Instructions for the task — Copy each line, word for word, from the one with "正如我们开服一样 90天里,升至 1050级,可以直接喜提 3888 块状很红包。" through the final line of the listing, but skip the pictures.

Data below —
==============================
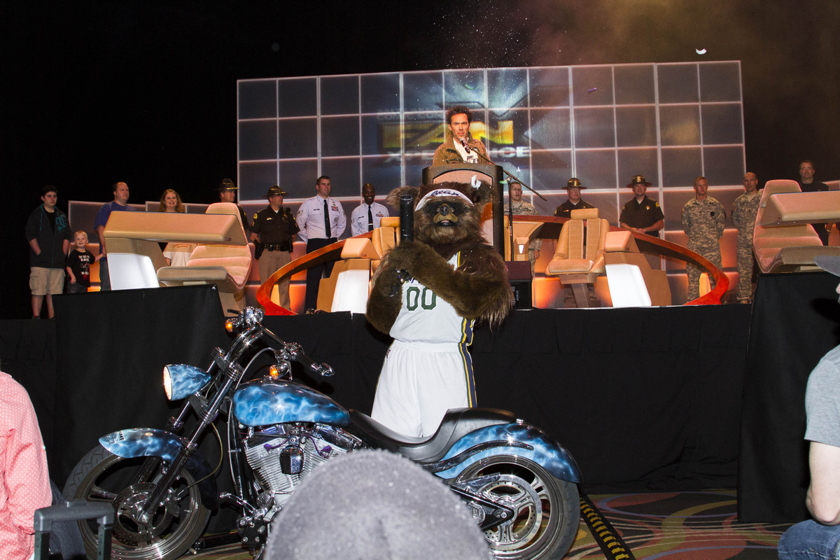 Jazz Bear arrives at the FanX 2014 opening Press Conference in the only way the Bear rolls. (Jimmie Breedlove)
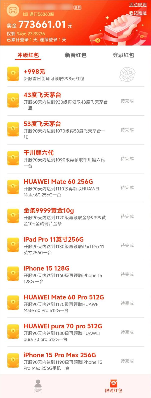 正如我们开服一样 90天里,升至 1050级,可以直接喜提 3888 块状很红包。
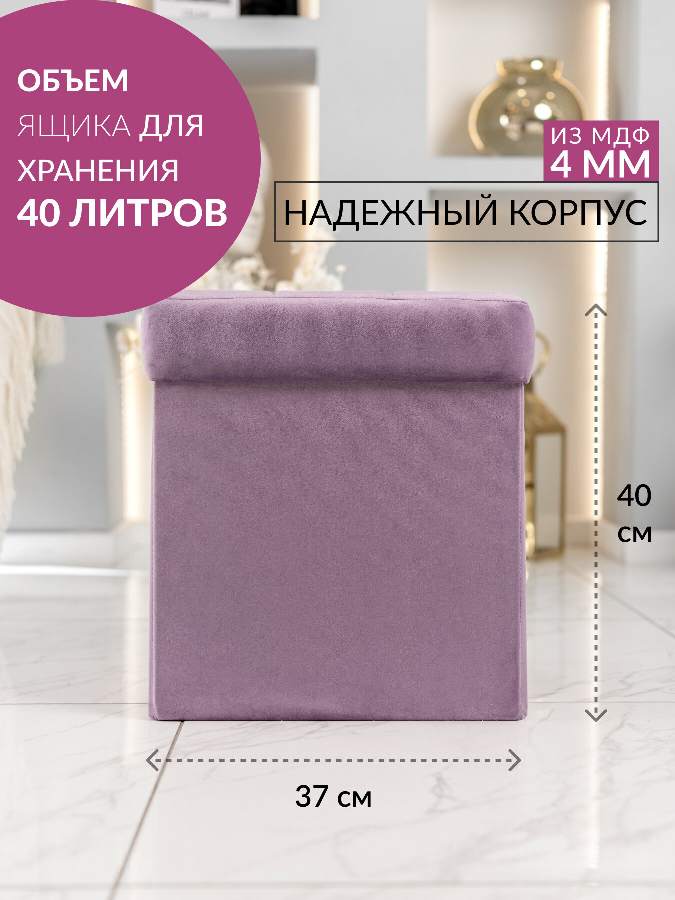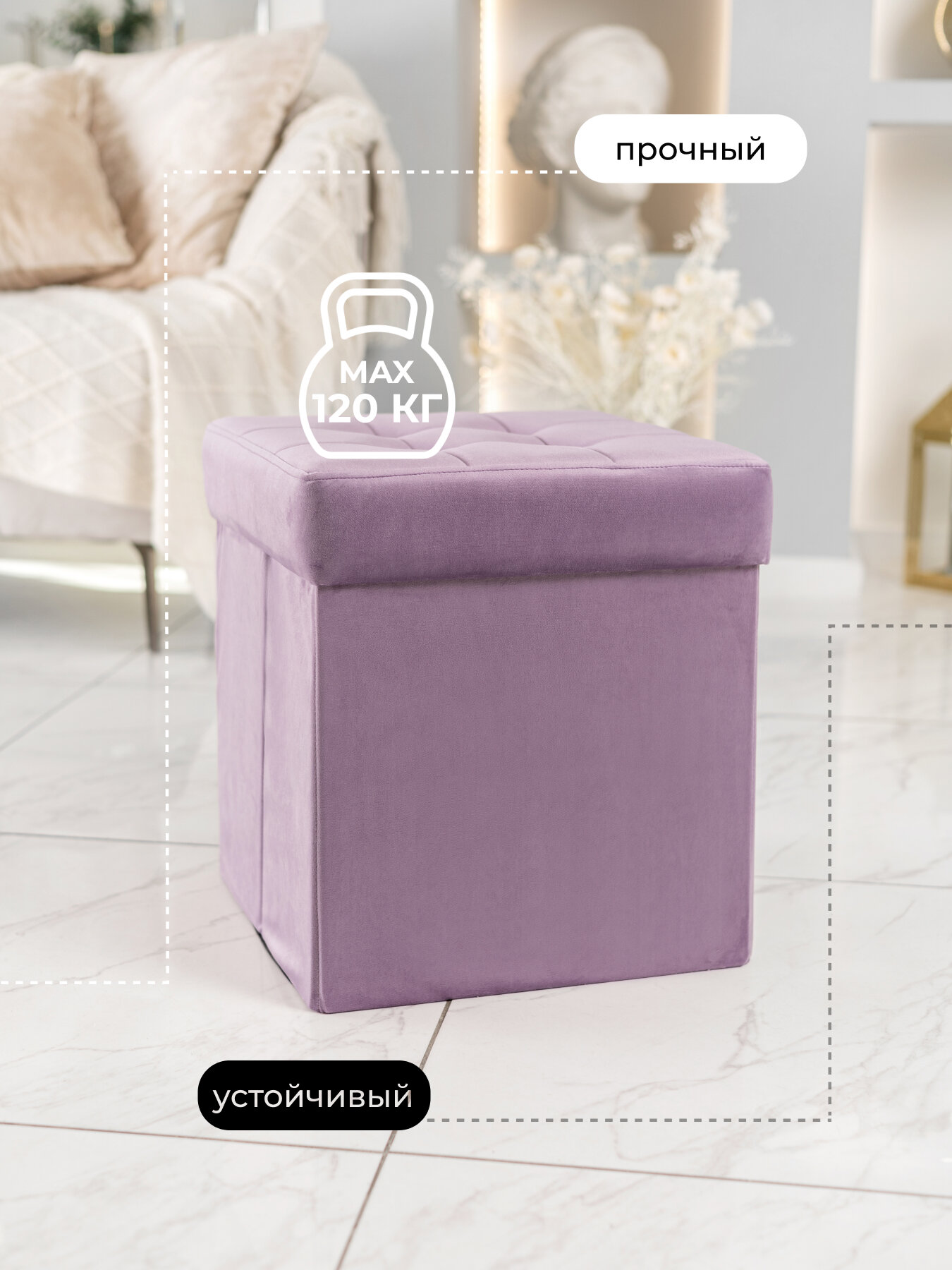 Пуф фиолетовый складной с крышкой и ящиком для хранения информация:
==============================
Task response —
 正如我们开服一样 90天里,升至 1050级,可以直接喜提 3888 块状很红包。
 Пуф фиолетовый складной с крышкой и ящиком для хранения информация:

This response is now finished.